All the while you built the commons out in whole new directions, in ways we never anticipated. High-tech publisher Tim O'Reilly helped us create the Founder's Copyright; that's fourteen years in the care of Big C, and then works move onto public pastures. Software developers started incorporating our tools, helping people free their works at the point of creation. Common Content and the Internet Archive began to register and host Creative Commons works, for free. The iCommons opened, and experts around the world began porting our licenses to many legal systems, so that your expression can travel freely across borders.

And suddenly, what had been only an idea only eight months earlier was a global movement, more than 700,000 licensed works strong, and still you helped us realize that more could be done. The legendary musician Gilberto Gil, along with the digital collage artists Negativland, inspired us to build Creative Commons latest and most exciting tool, one that encourages a kind of creativity that children with scissors and glue, and scientists who cure with genes, and lawyers who cite precedent understand as second nature, to take a bit and make it new. Some from here, some from there, to make a mosaic of the old, but not to copy -- to remix culture. Introducing: the Creative Commons Sampling Licenses. New tools to help you invite others to get creative with a part of your work, even for profit, but not to copy the whole thing. The legendary Mr. Gil will introduce the first wave of sample friendly tunes from Brazil, leaving you free to jam with him across the net, with more artists soon to follow.

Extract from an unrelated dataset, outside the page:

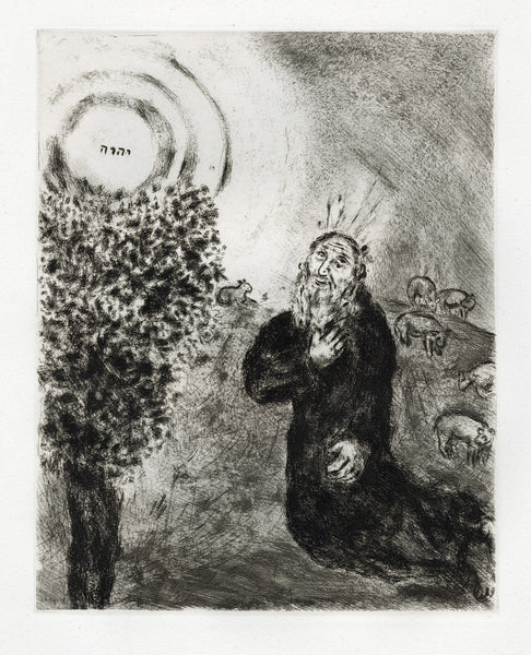 This etching is from Chagall’s sublime Bible series. Almost 10 years in the making, and comprising over 100 etchings, it was the third of Chagall’s etching suites to be commissioned by the publisher Ambroise Vollard. Chagall’s Jewish identity had always informed his work; in this major suite, begun in 1930, it was to take centre stage.
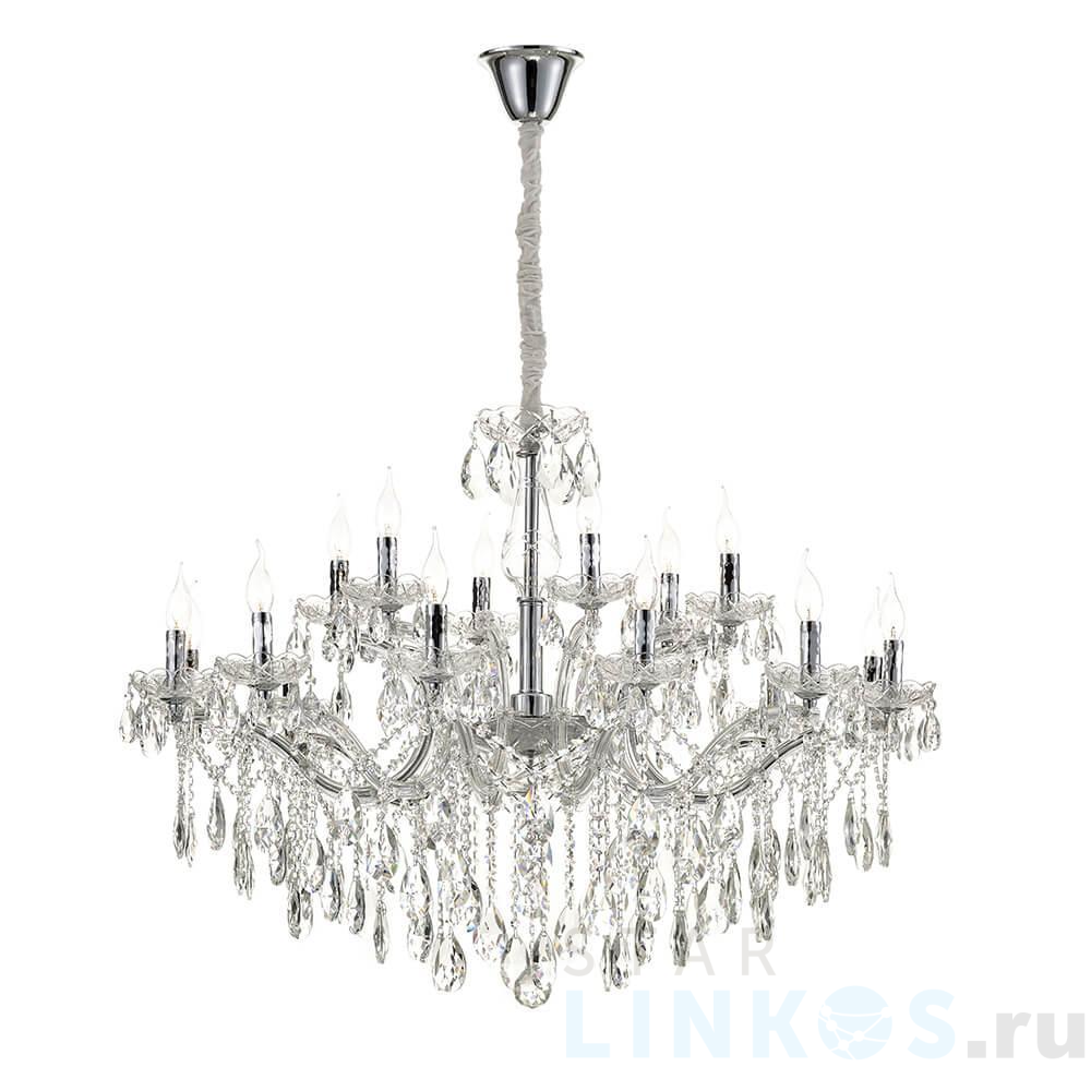 Поставщик рекомендует использовать лампы накаливания с цоколем E14 для освещения площади 40 м2. Подвесная люстра Lumien Hall Lavena LH0026/18H-CR в классическом стиле используется в интерьере гостиной с установкой на потолок.

And so, Creative Commons carries on, twelve months since hitting the scene, more than one million licensed works, one million artifacts of culture, free to reuse. And we've got bigger plans still: plans to help authors republish books out of print; plans to explore a science commons; plans to weave our philosophy and our tools into the fabric of the net; plans to knock down the wall between reader and author, or listener and composer, between audience and artists, between community and citizen, or culture and creator; plans to bring creativity back to its senses, and with your help, to keep growing, just as big as the old Big C.

Creative Commons: the rules have changed, and it's just the beginning.